A simple solution would be to increase the length of the chains. Unfortunately, Figure 9 shows that even for the shortest chains of 200 samples, the computation time of HMC exceeds that of Gibbs sampling with 105 samples. Note that these experiments were conducted on a high performance computing (HPC) cluster equipped with processors which differ in speed. However, when repeating the sampling with HMC on a local workstation equipped with more powerful processors than the HPC cluster, we did not observe any significant speedup.

FIGURE 9

Comparison of the range of computation times for Hamiltonian Monte Carlo (HMC) (blue) and Gibbs sampling (black). HMC200: HMC with 200 samples, HMC400: HMC with 400 samples, HMC 800: HMC with 800 samples, and Gibbs1e5: Gibbs sampling with 105 samples

Experiment 2: Experimental dataset

In the second experiment, we analysed a real‐world dataset from an fMRI experiment investigating speech perception in stroke patients compared to healthy controls. The cohort included 26 healthy controls and 11 patients. For details of the experimental setup, see Leff et al. (2008). In a previous DCM‐based analysis of this dataset (Schofield et al., 2012), a task‐relevant network containing six regions (with three regions in either hemisphere) was identified. For hierarchical clustering, we simplified the network by removing two subcortical regions with low signal‐to‐noise ratio, resulting in the four‐region network shown in Figure 10. This is in line with the approach from Yao et al. (2018).

FIGURE 10

The four‐region dynamic causal model (DCM) network structure used for the analysis of the experimental dataset

As before, we inverted HUGE using both standard and improved Gibbs sampling and HMC. Settings were kept identical to the synthetic case except for the chain length, which was increased to 600,000 samples including 300,000 burn‐in for Gibbs. The choice of chain length was partly based on previous experience with a similar clustering model (Raman et al., 2016). Individual chains were sampled in parallel on an HPC cluster, with each chain having access to a single core. The HPC contains a variety of CPUs from different manufactures with clock speeds ranging from 2.3 to 3.7 GHz and jobs are assigned to a random node. A summary of the composition of the HPC can be found on its website (https://scicomp.ethz.ch/wiki/Euler). Sampling required 140 × 103 s (approx. 40 hr) on average for both versions of Gibbs sampling. Note that the computation time of the improved version of Gibbs is on average only 4% higher than that of standard Gibbs, indicating that the overhead introduced by our special proposal distributions is almost negligible. Also note that computation time is not a linear function of the number of regions of the DCM, but depends on many factors such as the number of connections, the number of subjects, the length of the time series, the type of the DCM (linear, bilinear, nonlinear), and so forth. However, the analysis from Section 2.4 showed that the complexity of the sampler does scale linearly with the number of subjects. This is relevant for applications involving large‐scale datasets such as, for example, the Adolescent Brain Cognitive Development Study, the Human Connectome Project or the UK Biobank.
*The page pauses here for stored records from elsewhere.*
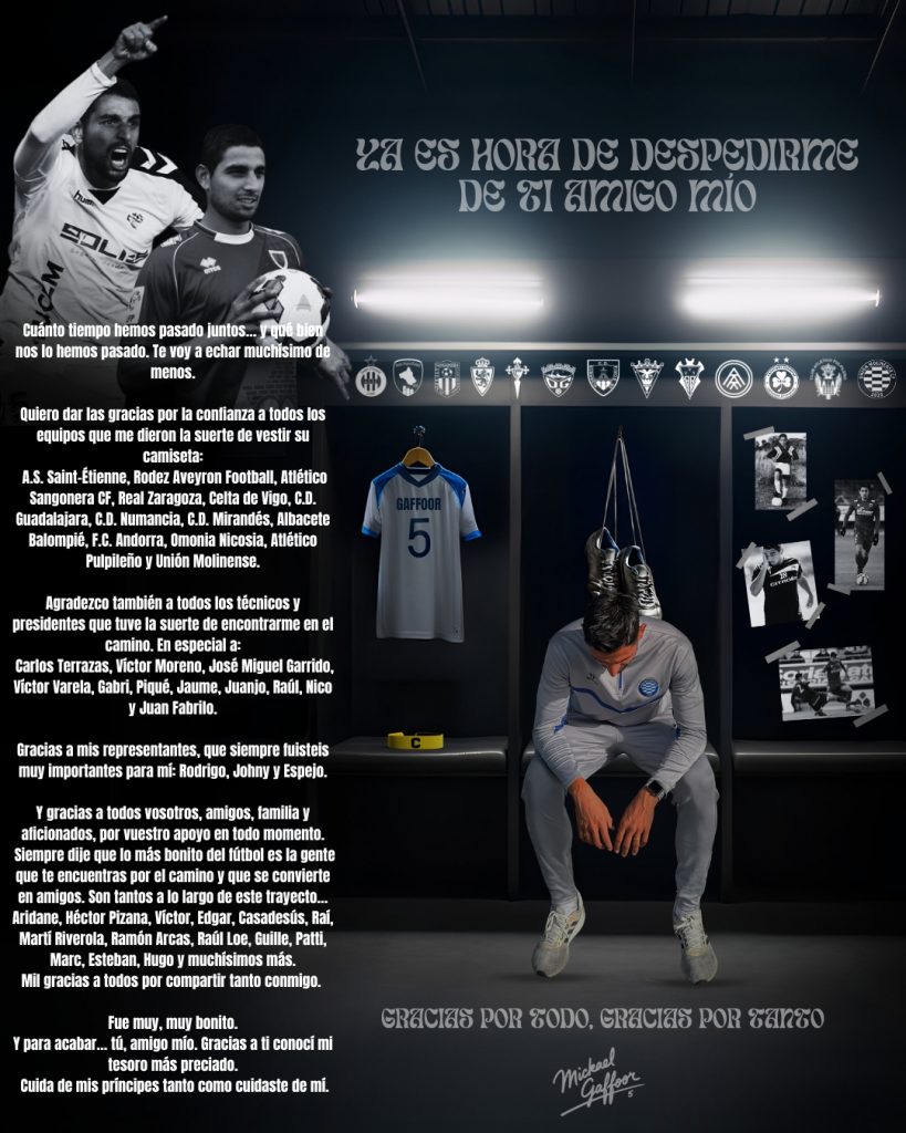El Unión Molinense Club de Fútbol comunica que Mickael Gaffoor pone fin a su etapa como futbolista profesional. Y lo hace vistiendo nuestra camiseta, defendiendo nuestro escudo y liderando nuestro vestuario como el capitán ejemplar que siempre ha sido.
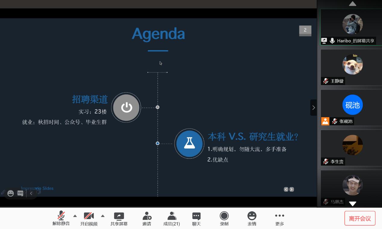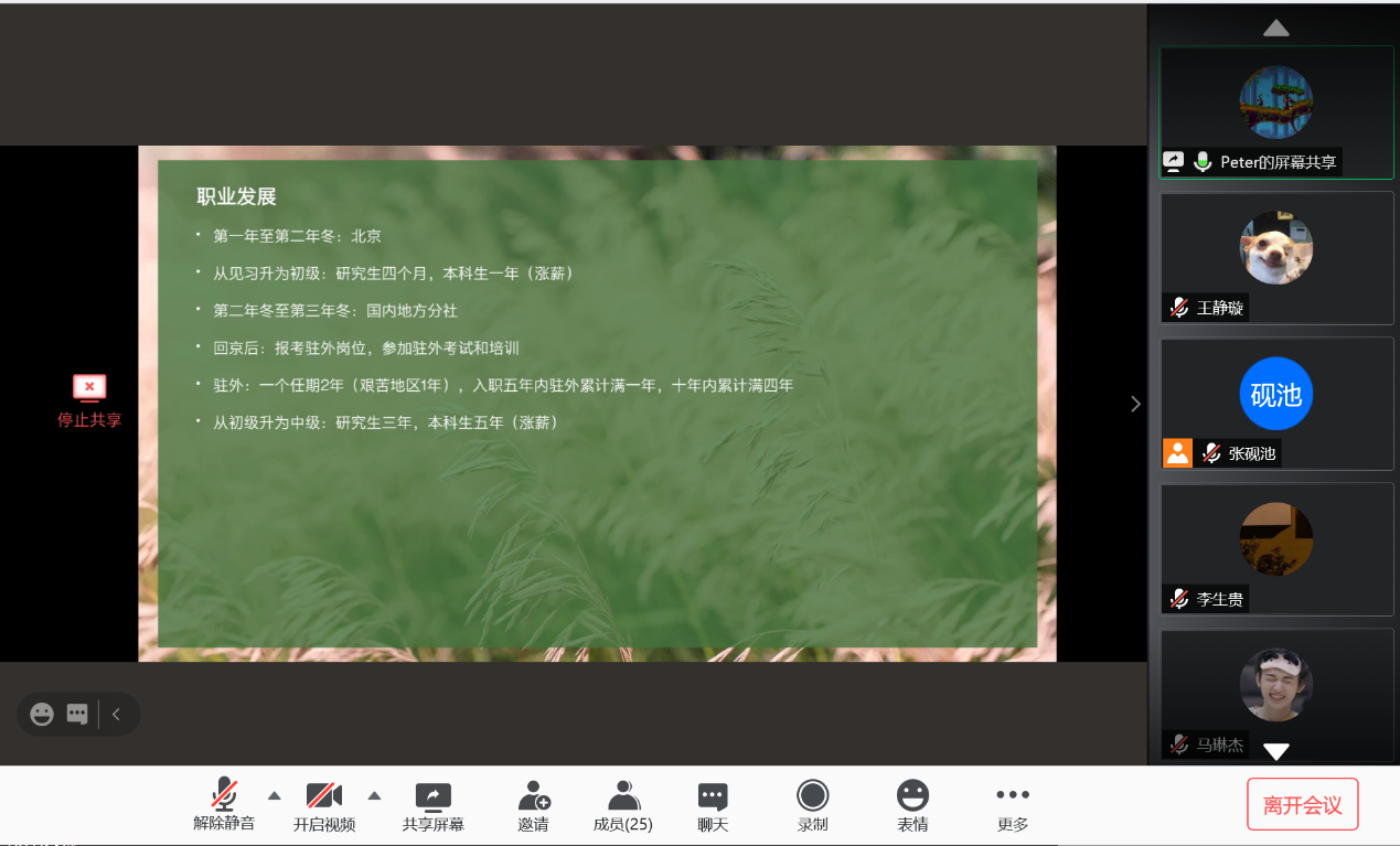 2020年12月8日,Beat365唯一官方网站新华社就业经验分享会以线上会议方式成功举行。Beat365唯一官方网站2019届本科毕业生车云龙及2019届硕士毕业生(德国外交与经济方向)贾金明受邀与Beat365唯一官方网站本科生、研究生分享了新华社具体情况、就业经验及备考建议,并解答了同学们的问题。会议由Beat365唯一官方网站研究生会主办,研究生会张砚池主持。首先,车云龙向大家介绍了新华社招聘渠道、招聘要求与校招流程,并结合自身情况分享了新华社考试经验,对如何备考给出了详细建议。随后,贾金明向大家介绍了新华社入职之后的工作模式,就大家十分关心的新华社职业发展与待遇问题做了详尽的说明。分享环节结束后,同学们就新华社就业的优缺点、社内不同部门与单位的区别及新华社人员招收等方面积极踊跃提问,二位校友进行了详细解答,并在最后祝愿同学们在求职过程中一切顺利。
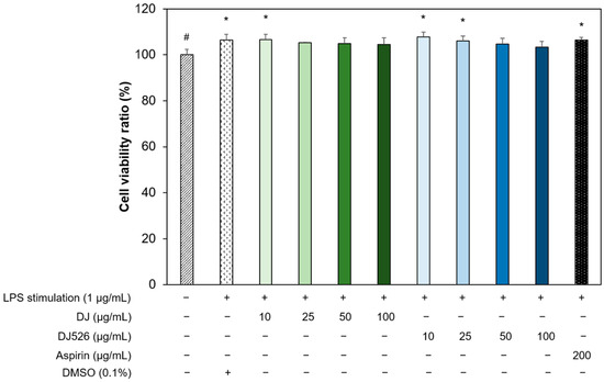 Low toxicities of DJ and DJ526 callus extracts. Concentrations up to 100 mg/mL had no effect on viable RAW264.7 cell numbers compared to untreated controls. The experiment was performed in triplicate (n = 3 for each replicate). Data are presented as mean ± standard deviation. * p < 0.05 vs. untreated controls; # p < 0.05 vs. cells treated with LPS alone.
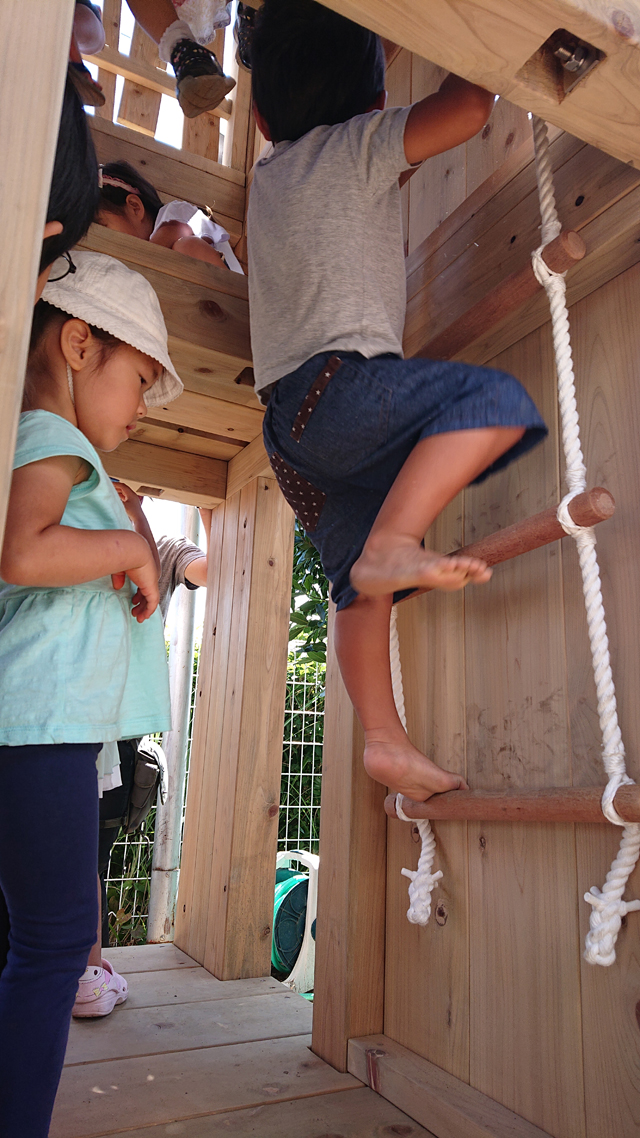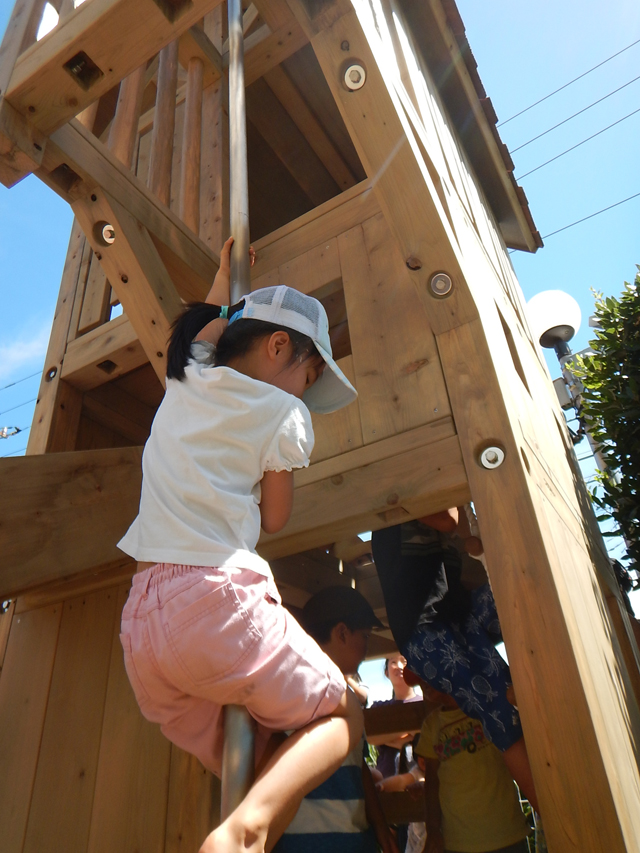 そして、その上がり方に工夫が凝らされた滑り台付きの木製遊具を設置しました。
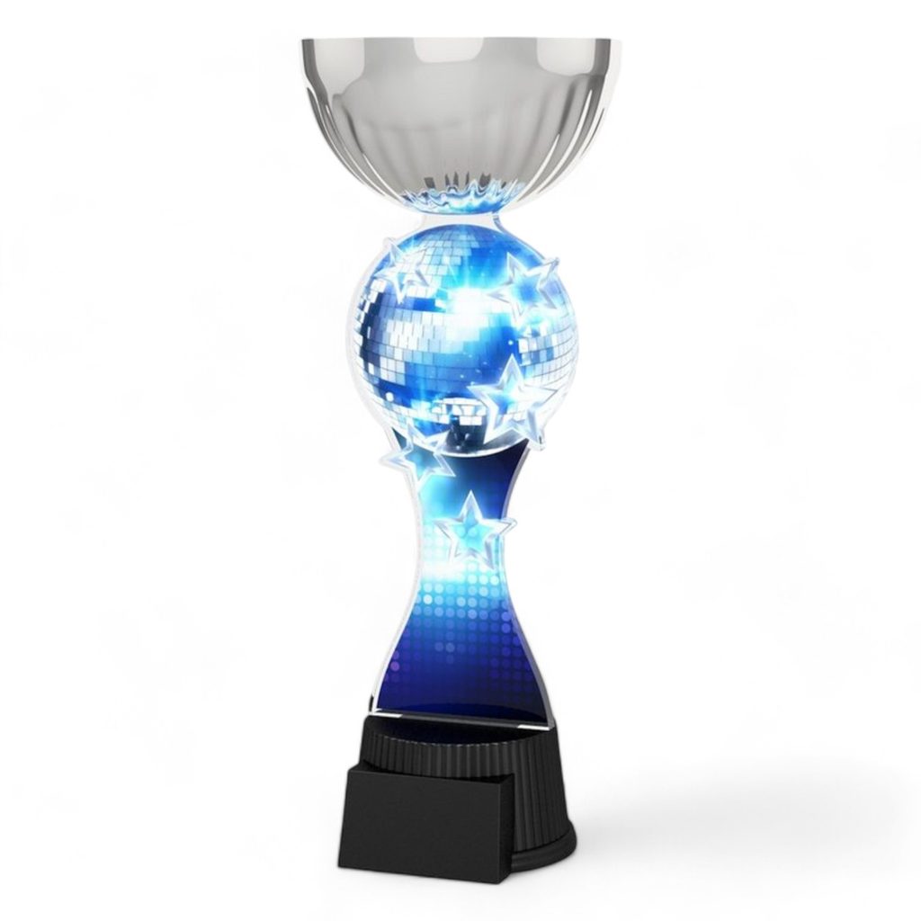 The Montreal Glitterball Dance Silver Cup Trophy will be the centerpiece in any presentation. This trophy features a high quality full colour print on the reverse side of 6mm acrylic, with a silver metal cup, all mounted on a circular and weighted black PVC base.

Using this linear relation to extrapolate the computation time for this experiment to a dataset of 100 subjects, we would expect an average computation time of 105 hr (approx. 4.5 days), which is still less than the computation time of HMC for the present experiment. In this context, it is also important to note that for Gibbs sampling the subject related computations can be easily parallelized, which could potentially reduce the computation time significantly if suitable hardware is available. In contrast, for HMC samplers, parallelization is less trivial since the simulation of the Hamiltonian dynamics is inherently sequential in nature.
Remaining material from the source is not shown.